Similarly, seeding with the largest farmers increases the probability of hearing and having conversations about BD56 for farmers with below-median values of the heterogeneity index, but had no effect for farmers that are above the median.
Figure 2 Heterogeneity by expected benefits of adoption of rice variety BD56
Source: Dar et al. (2019).
Notes: * (**/***) indicates that the probability is significantly different from the value in the group with random entry points (first bar) at the 10% (5%/1%) level, for farmers below and above the median predicted benefit of adoption, respectively. These figures include four of our treatment arms: Random with no demo (‘Random’), Random with demo (‘Demo’), Large with no demo (‘Large’), and SAO with no demo (‘SAO’). We omit two treatment arms (Large with demos and SAO with demos) for ease of interpretation.
There is a lot of evidence that networks are important for knowledge transmission, but there have been fewer studies that compare information cascades initiated by selecting entry points with alternative methods of spreading knowledge. Our study shows that inducing conversations – by randomly signalling through the placement of side-by-side demonstration plots that there is something to be learned from demonstrating farmers – can be just as effective as the method of seeding central farmers.
This is important because there may be contexts in which identifying entry points that are best positioned to spread information would be too costly or socially undesirable.
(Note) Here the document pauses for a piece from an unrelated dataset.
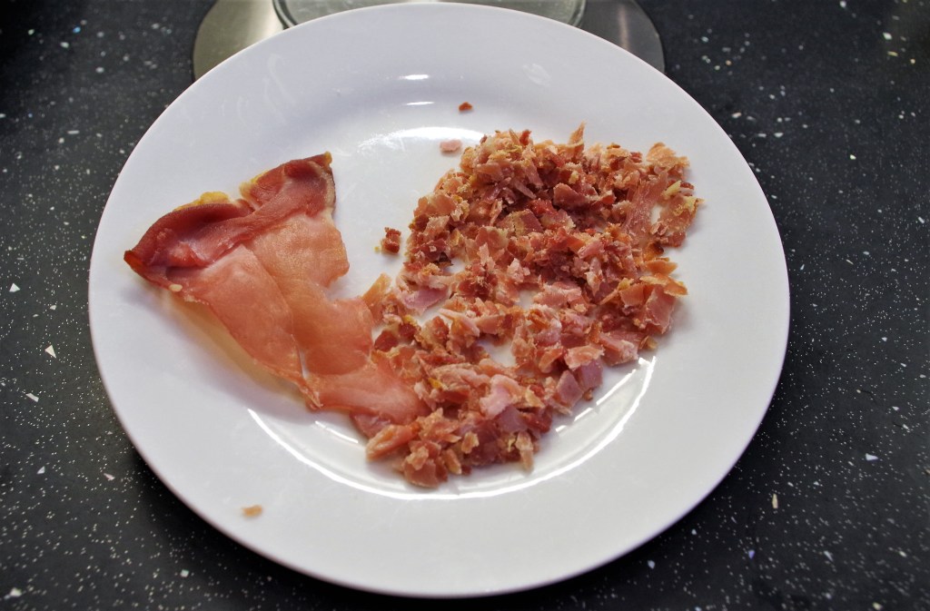 - About 15 – 30g cooked, crispy bacon, cut small*

Future research on this approach to social learning could explore alternative ways of signalling to community members that there is something to be learned from demonstrating farmers, whether or not they are inside their social network.
Also, combining diffusion experiments with standard impact evaluations allows the researcher to estimate treatment effect heterogeneity, and use that to discover the diffusion strategies to reach the people most likely to benefit from an innovation, even without a strong prior on which observables drive the heterogeneity.
Beaman, L, A BenYishay, J Magruder, and M Mobarak (2018), “Can Network Theory-Based Targeting Increase Technology Adoption?”, ATAI working paper, CEGA, UC Berkeley.
Bridle, L, J Magruder, C McIntosh, and T Suri (2018), “Experimental Insights on the Constraints to Agricultural Technology Adoption”, ATAI working paper, CEGA, UC Berkeley.
Chernozhukov, V, M Demirer, E Duflo, and I Fernandez-Val (2018), “Generic machine learning inference on heterogenous treatment effects in randomized experiments”, technical report, NBER.
Dar, M, A de Janvry, K Emerick, E Kelley, and E Sadoulet (2019), “Endogenous Information Sharing and the Gains from Using Network Information to Maximize Technology Adoption”, working paper, Economics Department, Tufts University.
Goyal, A, and J Nash (2016), Reaping richer returns: Public spending priorities for African agriculture productivity growth, World Bank Group.